We can use this by getting a list of all reviews and items and comparing every pair. This is an expensive operation, but doesn’t need to be done all that often - it’s certainly something that could be batched up overnight for example. What we will end up with is a matrix of scores for many pairs of products - in a production system this would be in a database. In our example data we have a range of scores for various items from different users, ranging from 1 to 5.

<?php
// Example data
$data = array(
        'item1' => array(1 => 5, 2 => 3, 3 => 5, 4 => 1),
        'item2' => array(1 => 1, 2 => 2, 3 => 3, 4 => 4),
        'item3' => array(2 => 4, 3 => 5, 4 => 2),
        'item4' => array(2 => 3, 3 => 5, 4 => 1, 5 => 1),
        'item5' => array(2 => 3, 3 => 5, 4 => 1)
);

function generateSimilarities($data) {
        $similarities = array();

        foreach($data as $item => $scores) {
                $similarities[$item] = array();

                foreach($data as $item2 => $scores2) {
                        if($item2 == $item || isset($similarities[$item][$item2])) {
                                continue;
                        }

                        $sim = pearson($scores, $scores2);
                        if($sim > 0) { // minimum similarity 
                                $similarities[$item][$item2] = $sim;
                                $similarities[$item2][$item] = $sim;
                        }
                }
                arsort($similarities[$item]);
        }
        return $similarities;
}
?>

We can then make recommendations based on what they’re looking at. If we don’t know anything about the user, we can just recommend similar items to the one they’re looking at by taking the top scores out of the array. This can be used to suggest items on the product page itself, for example, or to suggest other videos users might like to watch after watching one.

<?php
function getSimilar($item, $similarities) {
                $val = each($similarities[$item]);
                return $val['key'];
}
?>

However, if the user has expressed some preferences themselves, then we can use that to try and find something else they might liked.

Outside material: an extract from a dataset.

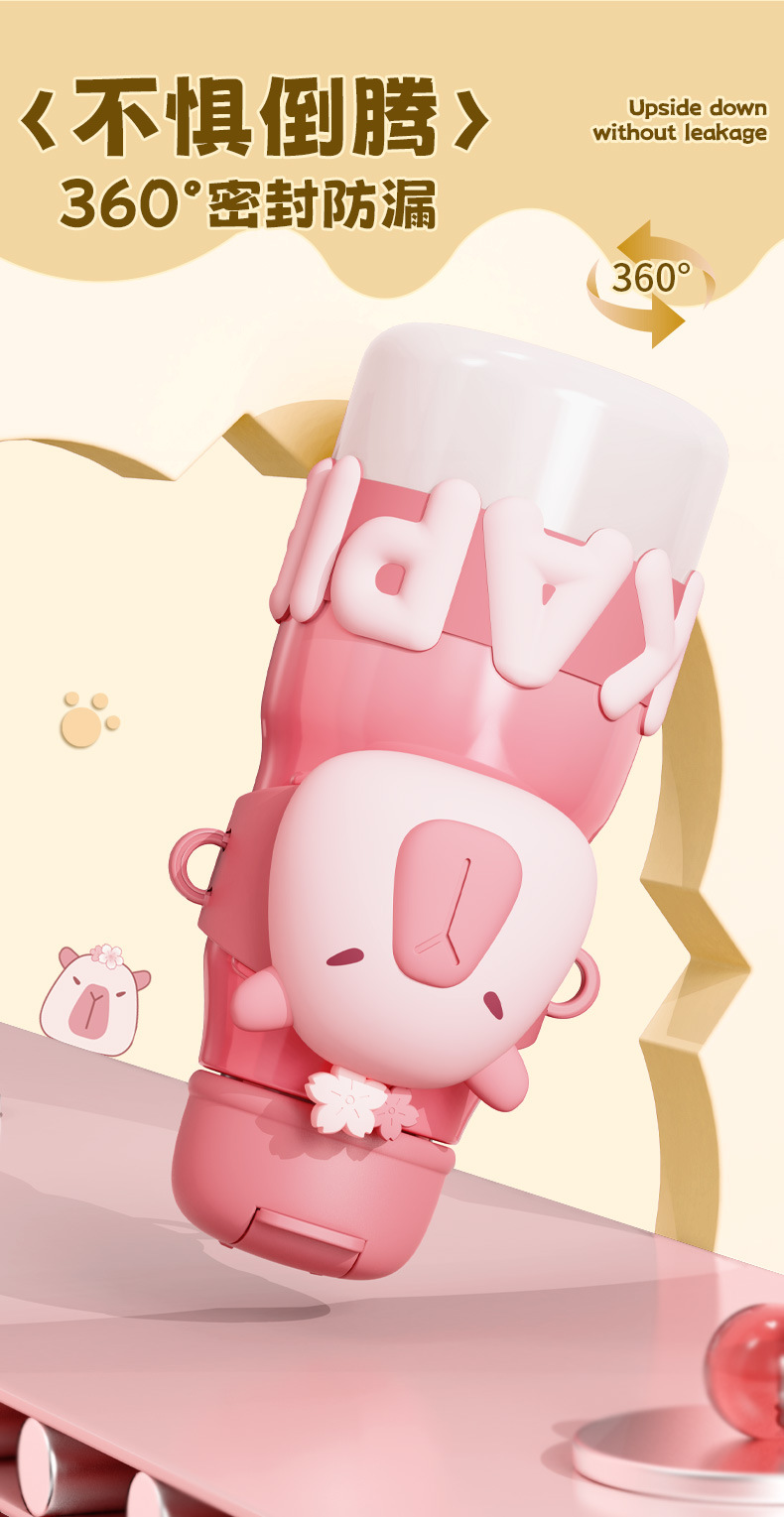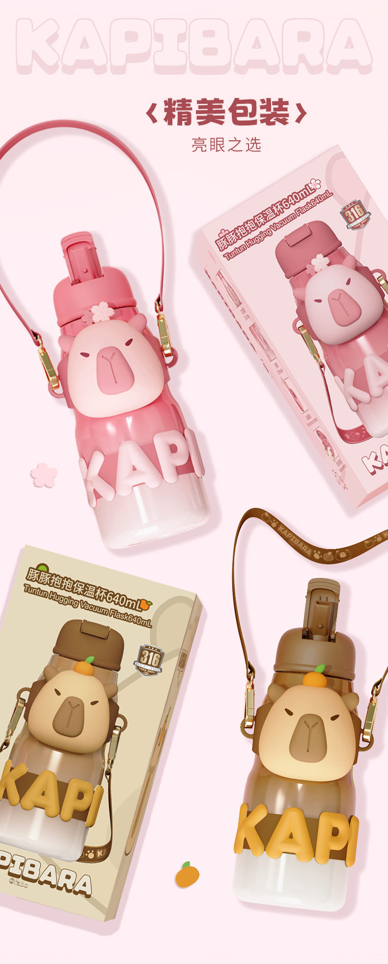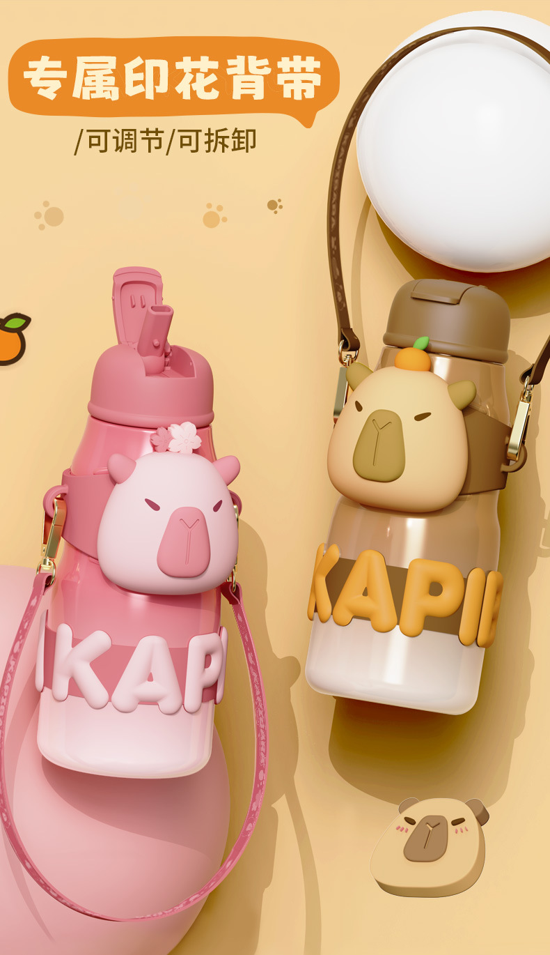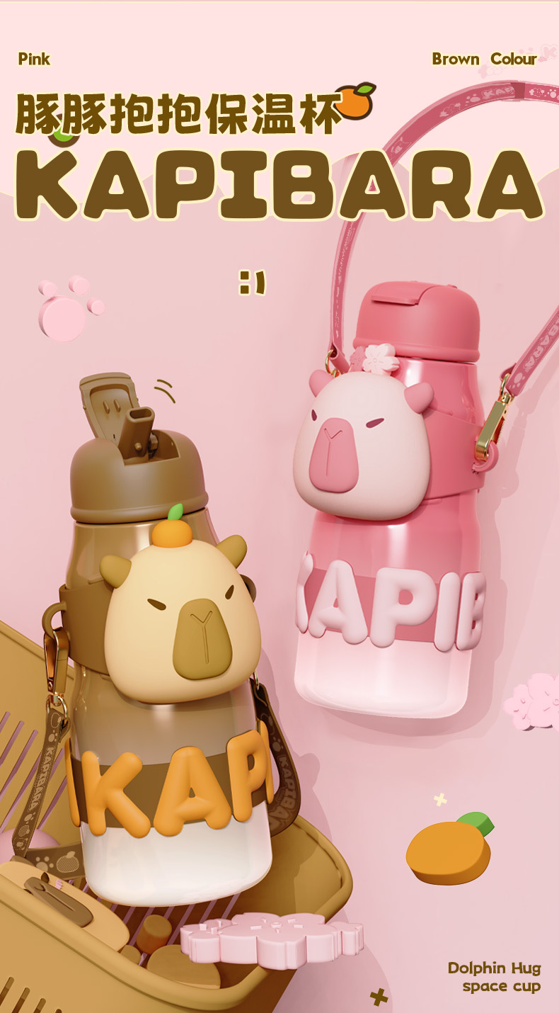 艾可思新款卡皮巴拉豚豚保温杯可爱高颜值女生儿童专用吸管水杯子

For example, if the user has rated two items, A, which she rated 5, and B, which she rated one, we can then work out what to suggest by looking at the similarity. If X is 0.4 similar to A, and 0.3 similar to B it gets a score of 0.4 * 5 + 0.3 * 1 = 2.3. We then divide by the total similarities to get the user’s estimated score: 2.3 / 0.7 = 3.3. If Y is 0.3 similar to A, but only 0.1 similar to B, it gets a score of 0.3 * 5 + 0.1 * 1 = 1.6, divided by 0.4 to get 4.

<?php
function recommend($user, $data, $similarities, $top = 5) {
        $out = array();
        $items = array();

        foreach($data as $item => $scores) {
                if(isset($scores[$user])) {
                        $items[$item] = $scores[$user];
                }
        }
        
        foreach($items as $item => $score) {
                foreach($similarities[$item] as $sim_item => $sim) {
                        if(isset($items[$sim_item])) {
                                continue; // they already rated this
                        }
                                
                        if(!isset($out[$sim_item])) {
                                $out[$sim_item] == 0;
                        }
                
                        $out[$sim_item] += $sim * $score;
                        $sims[$sim_item] += $sim;
                }
        }
        
        foreach($out as $item => $score) {
                $out[$item] = $score / $sims[$item];
        }

        arsort($out);
        return array_slice($out, 0, $top); // return top n
}
?>

There are plenty of extensions possible once the data has been calculated, such as finding similar users for last.fm style neighbour suggestions. The Pearson coefficient is hardly the only similarity score as well - particular for the boolean preferences (‘buy’ or ‘click’ for example) a set overlap like the Jacquard coefficient would do the job just as well, and doesn’t involve any square roots. At a more advanced level clustering techniques could be used to provide even better recommendations, though at the cost of more complexity.